Bit growth would require 32-bit integrators for just 256 clocks' worth of accumulation. Might as well bump up to 64 bits. That would need six 64-bit integrators to cover cosine and sine. That would add 3k flipflops to the design, or a 5% increase. Oh, the result buffers would add another 1k flops.
The P2 can capture fairly good quality video. It's certainly not professional grade, but It might be worth averaging several ADC pins together to see the result. P2 video is on the bottom:
There is no window filter used here. I just stream the ADC bitstream out of a digital pin. Most of the filtering is done by the video decoder in the TV or capture card. The digital pins may not be quite linear as a delta-sigma output at these rates. Doing some filtering on the P2 might reduce this distortion. Or maybe it would be better to use a DAC instead of digital mode. This test was done at 180MHz. I added an RC filter to try to reduce some of the delta-sigma noise. These values are not at all optimal. They're just values I had at my desk. The actual video decoding is done by a video capture card, not P2 code.
Nice, Saucy! Does 250MHz look much better? I would definitely try a group of 4 pins and sum all their bitstreams.
By the way, We can implement SINC2 filtering on Goertzel X and Y. Should be good for 64K samples (clocks) per decimation, sticking with 32-bit accumulators. It would add 64 flops per cog, not much.
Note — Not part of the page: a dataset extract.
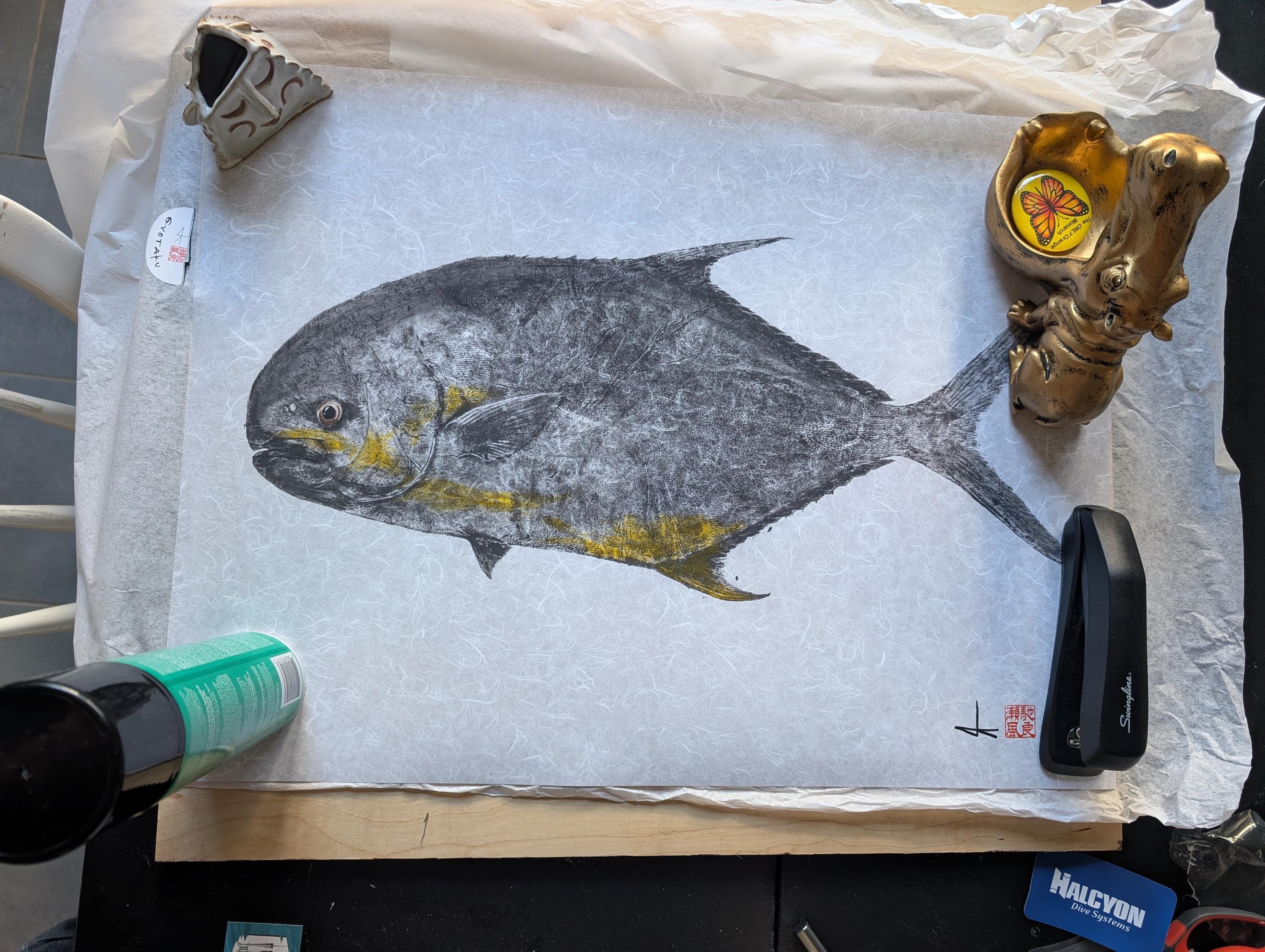 Permit Gyotaku Reproduction – Limited Edition Fish Art Print – Japanese Sumi Ink on Mulberry Paper – Yellow Variation Available

Earlier I mentioned using a look-up-table to filter the bitstream. This is the implementation of that idea. 8 clocks per sample. I'm running the P2 at 180MHz, so 22.5MSPS! Timing is very tight. The streamer could be modified to run this algorithm. It's just table look up, add, shift. Although, what's the point if we have the scope filter?
In these tests, the video actually looks worse at higher clock frequencies. Not surprising since raising the clock frequency raises the filter cutoff frequency. Having 4 different filter options is not overkill.
Saucy, I'm wondering if there may be some value in having the SINC modes look at 2 or 4 pins, summed together, instead of just one pin. Same with SINC2 Goertzel; 4 bits summed together result in: +2, +1, 0, -1, -2, which amounts to a left-shift or no-add, in addition to what we're already doing.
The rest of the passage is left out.